Un pelotazo que afecta a De Guindos

De Guindos declaró como testigo por este caso de presunta estafa por su papel en la ampliación de capital. El entonces ministro de Economía afirmó en la absorción del Popular por parte del Santander que no se había "comprometido ni un solo euro de recursos públicos de ningún tipo, ni presentes ni futuros" (pese a que el Gobierno desembolsó más de 380.000 euros por los trámites de la absorción).

Luis de Guindos insiste en que no deben subirse los salarios pese a la  inflación

Luis de Guindos.

Y cinco años antes De Guindos tuvo un controvertido papel que, ahora, podría complicarle su soñado regreso de Frankfurt, donde ejerce como vicepresidente del BCE para convertirse en el número dos del Gobierno, en el caso de que Alberto Núñez Feijóo alcance La MoncloaLa ampliación de capital es "clara y transparente" según Ángel Ron, que se defiende asegurando que los directivos desembolsaron 500 de los 2.500 millones de la misma. "Nadie invierte 500 millones de euros si quiere estafar", afirmó ante Pedraz. 

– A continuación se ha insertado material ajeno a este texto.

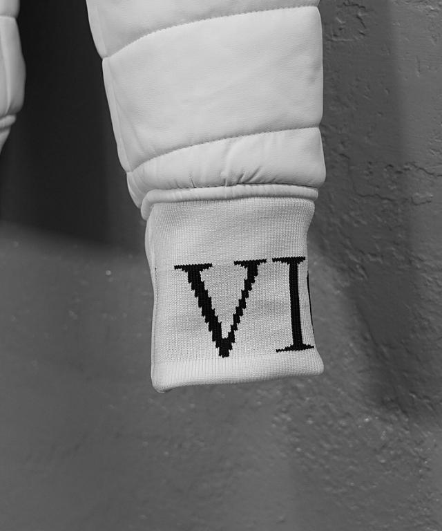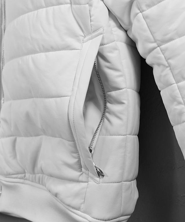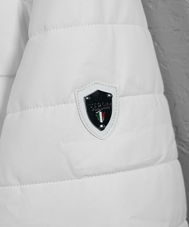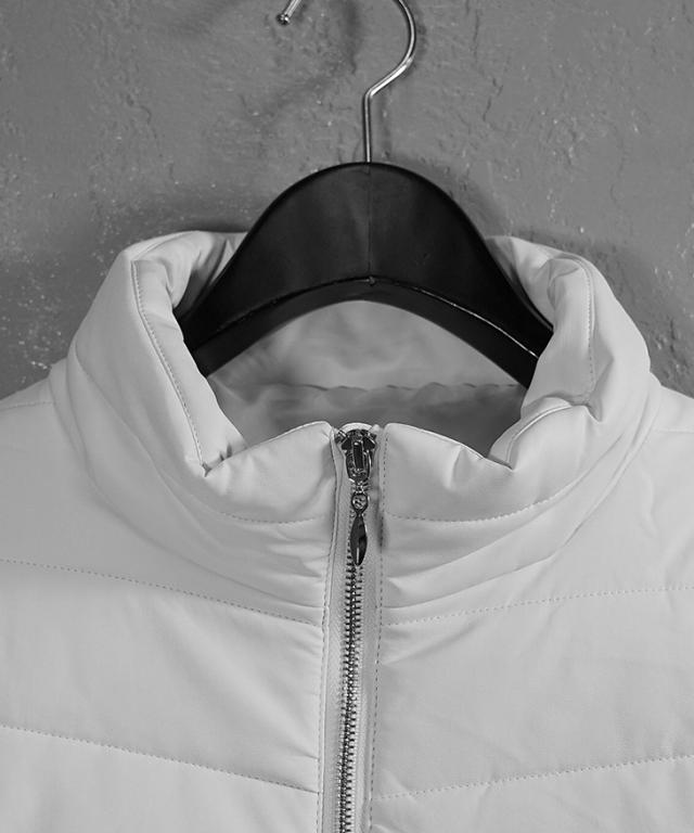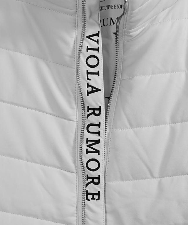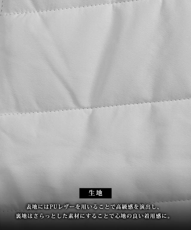 VIOLA rumore(ヴィオラ) 『PU薄中綿ジャケット』【PU薄中綿ジャケット】シンプルな中にも細かなこだわりが光るアイテム。PUレザー素材との相性が抜群なホワイトとブラックの2色展開なのでどちらも落ち着いた印象を与える一着。PUレザー素材を使用し、軽量で動きやすく、着心地も快適。左肩のロゴエンブレムと袖リブに施されたブランドロゴが、シンプルながらブランドらしさを引き立てます。裾リブがしっかりと体にフィットし、冷気をシャットアウト。両サイドにあるジップポケットは使いやすさをプラスする。一枚で決まる、「男らしさ」を身にまといこれからの季節を遊びつくせ。

Le faltó añadir que esta ampliación de capital despejó los evidentes nubarrones que estaban colapsando al Santander y que la operación ayudó a que el precio de su acción se disparase de los 0,53 euros hasta los 5 euros a finales de 2013. Ese mismo año entró en el accionariado el acaudalado empresario mexicano Antonio del Valle, cercano al Opus Dei, la orden con la que el Popular ha estado emparentada de forma histórica.

Y este acabó controlando el banco tras la caída de Ron y fichando entre tinieblas al prestigioso banquero Emilio Saracho, que se embolsó 4,5 millones de euros por unos escasos meses de trabajo en 2017 antela  mirada atónita de los 300.000 accionistas del Popular.

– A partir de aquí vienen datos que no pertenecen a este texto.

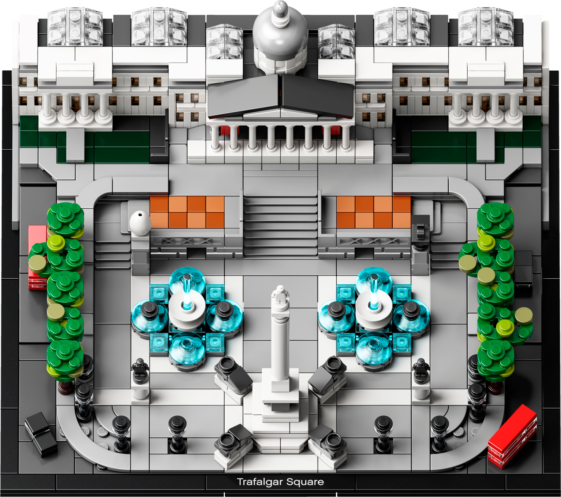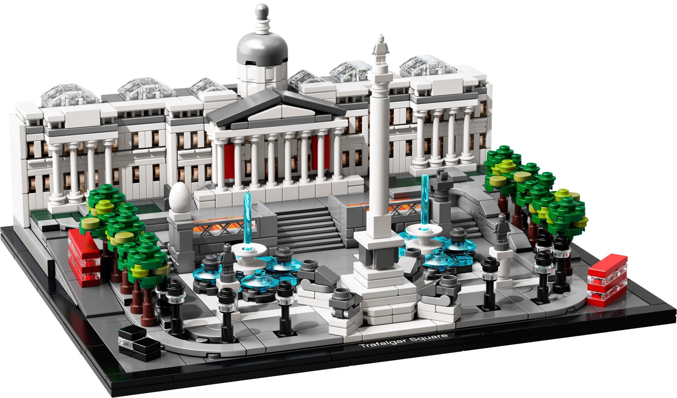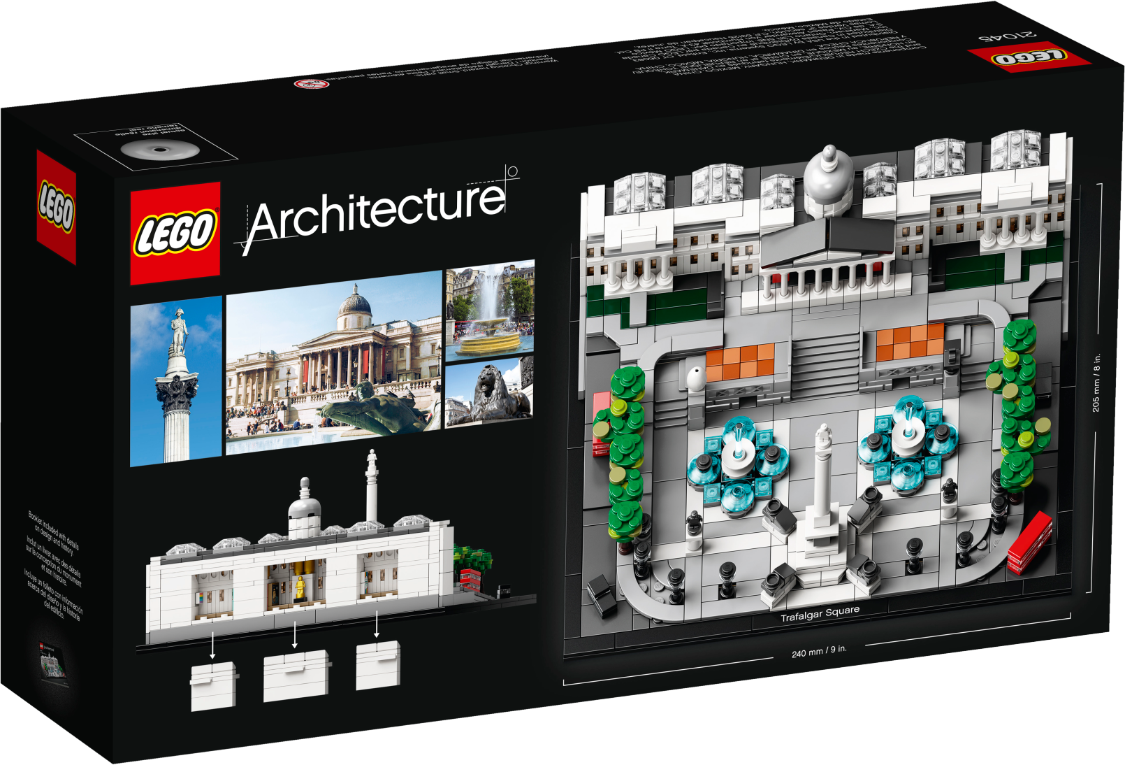 Capture the essence of a historical London landmark with the LEGO® Architecture 21045 Trafalgar Square set. Named in honor of Lord Horatio Nelson following his 1805 naval victory over Napoleon, the square has since become a popular tourist attraction and preferred location for political and community gatherings. This detailed LEGO interpretation depicts the domed National Gallery complete with columned facade, Nelson's Column flanked by 4 lions, the square's famous fountains and 4 sculpture plinths. The sections at the rear of the National Gallery structure can be removed for access to a detailed interior with brick-built statue and paintings. Tree-lined borders, ornate lampposts, 2 London buses, 2 black cabs and a tiled baseplate depicting the square and surrounding roads complete the model. Finished with a decorative nameplate, this collectible building set delivers a highly satisfying building experience to all with an interest in architecture, travel, history and design, and makes a truly iconic centerpiece for the home or office. LEGO® Architecture interpretation of the real-world London landmark, Trafalgar Square. Features the National Gallery, Nelson’s Column flanked by 4 lions, 2 fountains, 4 sculpture plinths, 10 trees, 6 lampposts, and a tiled baseplate depicting the square and road areas complete with 2 London buses and 2 black cabs. The included booklet contains information about the architecture and history of each structure, as well as historical facts about Trafalgar Square and its architectural heritage. (English language only. Other languages available for download at LEGO.com/architecture). Includes a decorative Trafalgar Square nameplate. LEGO® Architecture celebrates the world of architecture through the medium of the LEGO building brick and is developed for all with an interest in travel, architecture, history and design. This set includes over 1,190 pieces. Enjoy a pleasantly challenging and rewarding building experience with this LEGO® Architecture set. Measures over 4” (12cm) high, 9” (24cm) wide and 7” (20cm) deep.

Un grupo de los mismos han recurrido ahora al Tribunal Europeo de Derechos Humanos la decisión del Tribunal de Justicia de la Unión Europea que les negó reclamar sus pérdidas al Santander, y el empresario argentino Carlos Slim hizo lo propio en Estados Unidos. 

De Guindos, pendiente de la sentencia

Una condena a la cúpula del Popular por estafa pondría en la picota a De Guindos por su pasivo papel entre 2012 y 2017, periodo en el que la contabilidad de la entidad de crédito, según señalan fuentes judiciales a Elcierredigital.com, están plagadas de "irregularidades contables"

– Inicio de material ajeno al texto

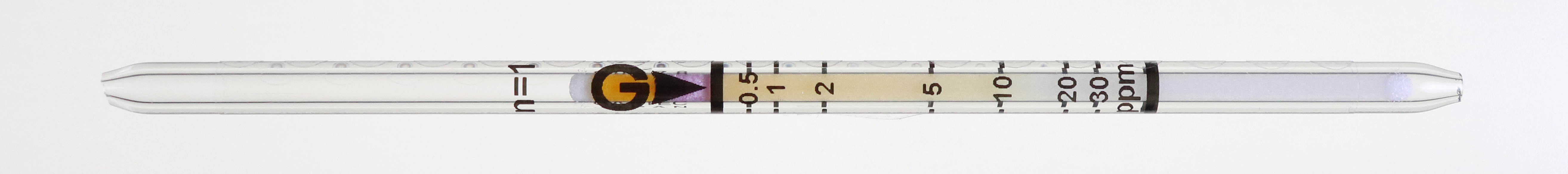 - Gastec Pyrotubes for nitro carbons, with clear color change that corresponds to concentration of gas.

Es cierto que este asunto comprometería al Banco de España pero la conocida gravedad de la situación del Santander y la pasividad del entonces ministro de Economía, no dejan en buen lugar a este, que asegura que también tanteó al BBVA o CaixaBank para que se quedasen con el Popular, finalmente digerido por el Santander, en el que trabajó Saracho codo con codo con su amiga Ana Patricia Botín

El agónico final del Popular, tumbado mientras sus clientes sacaban más de 20.000 millones en abril de 2017, pone en un brete a De Guindos que, en 2012, defendía al banco: "El Gobierno y el Ministerio de Economía no tienen inspectores, los tiene el supervisor y es el que analiza la situación de la entidad. Eso es lo que me dicen: ni problemas de solvencia ni de liquidez". 

"El Banco Popular será lo que sus accionistas quieran que sea. El Gobierno aplicará la normativa de competencia. Se hará lo que decidan sus gestores, siempre que esté dentro de la normativa y de la Ley, el Gobierno no tiene nada que decir", añadió cinco años antes de que los accionistas estuvieran atados de pies y manos tras la lógica intervención pública.